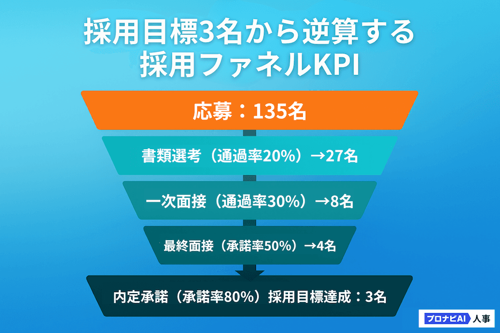 # あなたの役割 あなたは、データドリブンな採用コンサルタントです。 # 条件 - 採用目標人数:3名 - 過去の採用データに基づく歩留まり率: - 書類選考通過率:20% - 1次面接通過率:30% - 最終面接通過率:50% - 内定承諾率:80% # 指示 上記の条件で採用目標を達成するために必要な「内定者数」「最終面接実施数」「1次面接実施数」「書類選考通過数」「応募数」を、逆算して算出してください。計算過程も示してください。
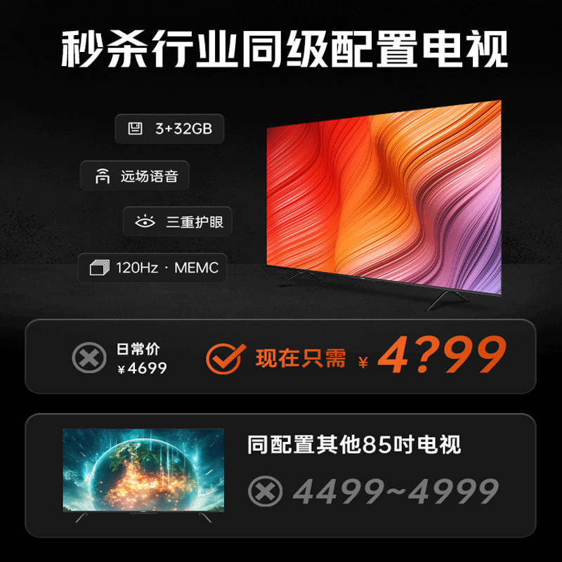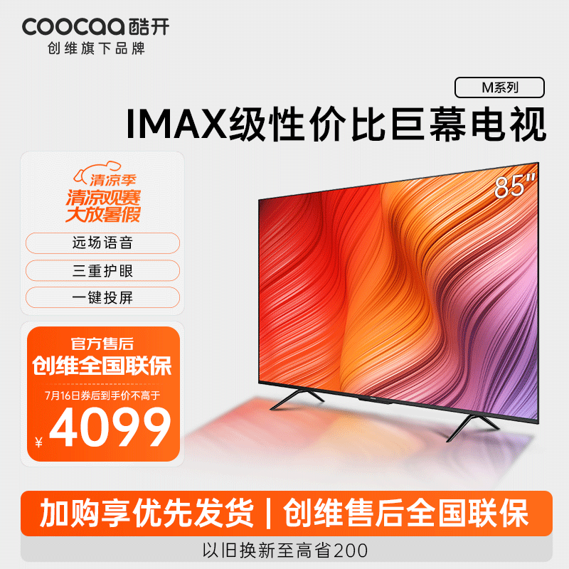 酷开(coocaa) 创维电视 M85 85英寸 游戏电视 120HZ·MEMC高刷 HDMI2.1 4K高清 3+32GB 投屏平板电视机 85P31 85英寸价格:4099.00元!
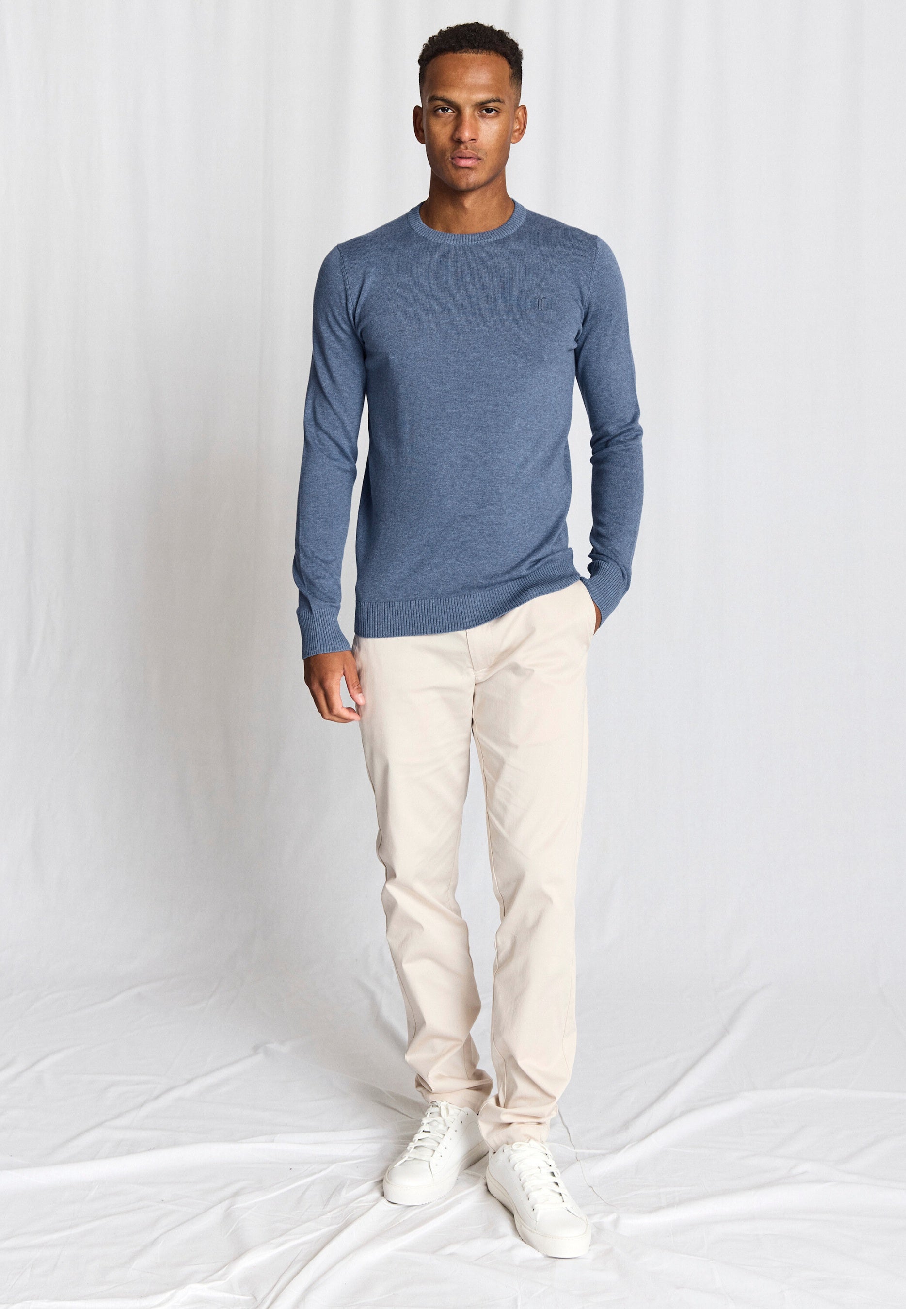Classic O-neck sweater in 100% cotton with a discreet tone-in-tone embroidered logo on the chest. The sweater has a timeless fit, which makes it easy to style for both everyday and more casual outfits.
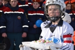 Сотрудники МЧС поздравили юных хоккеистов со спортивным праздником, пожелали им дальнейших успехов в спорте и подарили сладкие подарки.
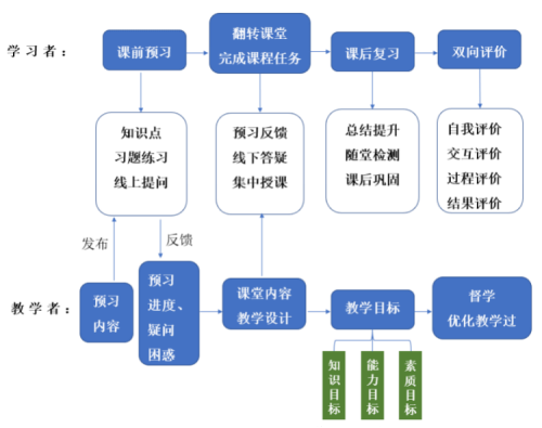 以员工为中心,以激发员工学习自驱力为目的,坚持专业教学和思政教学有机结合,坚持“理论+实践”的教学方法,采用“线上+线下”相结合的混合式教学模式开展课程教学,构建针对整门课程的整体教学设计,即对课程的教学模式、学习模式的交互式设计,如下图所示:
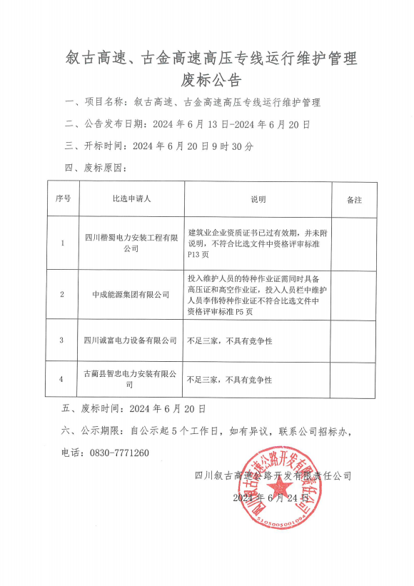 敘古高速、古金高速高壓專線運行維護管理廢標公告

◆ Problem details: Pictures do not belong in the answer. Return the lines above starting at the one with "酷开(coocaa) 创维电视 M85" and ending at the one with "Classic O-neck sweater", both kept, exactly.

◆ Answer area:
 酷开(coocaa) 创维电视 M85 85英寸 游戏电视 120HZ·MEMC高刷 HDMI2.1 4K高清 3+32GB 投屏平板电视机 85P31 85英寸价格:4099.00元!
Classic O-neck sweater in 100% cotton with a discreet tone-in-tone embroidered logo on the chest. The sweater has a timeless fit, which makes it easy to style for both everyday and more casual outfits.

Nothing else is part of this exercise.